自らの名が、絶対に認めてはいけないものだという、矛盾と皮肉をクワイは存続する限り抱える定めだ。

 ともあれ、戦争を行っていないという論理を詭弁であると断ずることはできよう。事実として「セイノス教にとっての魔物」と戦争を行っているのだから。

 だがしかし、同一種族での争いが全くないことは驚嘆に値する。少なくともこの千年、内乱や動乱の類が一切行われていないのだ。

 地球人類どうしの争いで一体どれほどの人命が失われたかを想えばこの事実は涙を流せるほど素晴らしいことなのだ。


 つまりクワイは一種の生物種が他の生物種を支配し、一つになった理想国家だ。愛と優しさの国。そう呼べるほどに。


 ただし、その愛と優しさは全てセイノス教が基準となっており、それ以外を決して認めない。

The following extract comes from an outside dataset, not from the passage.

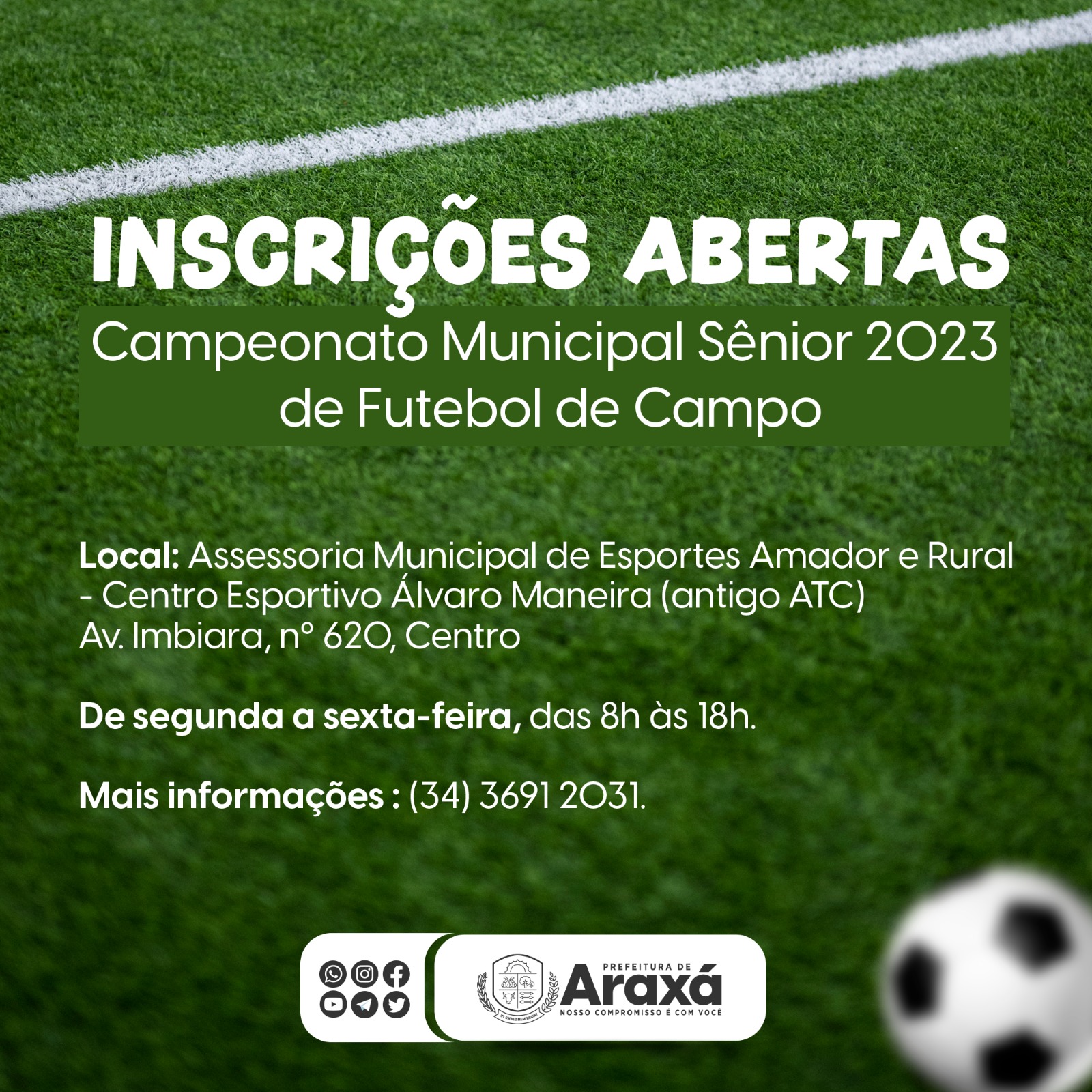 A Secretaria Municipal de Esportes está com inscrições para o 1º Campeonato Municipal Sênior 2023 de Futebol de Campo, organizado pela Assessoria de Esportes Amador e Rural.

 団結心の強さは自分たち以外を拒絶する針山でもある。

 自らの価値観を絶対視する完成された暗黒の理想郷。

 そこに住まう人々は愛にあふれている。

 そこに住まう人々は幸福に満ちている。

 そこに住まう人々は善良である。

 その国は平和である。

 これらを満たした国は地球には過去に存在せず、恐らく未来にも存在しないだろう。


 だからこそ、「彼」は……この世界で最も強いエゴを持つ彼は、クワイにとっての天敵になりえるのかもしれない。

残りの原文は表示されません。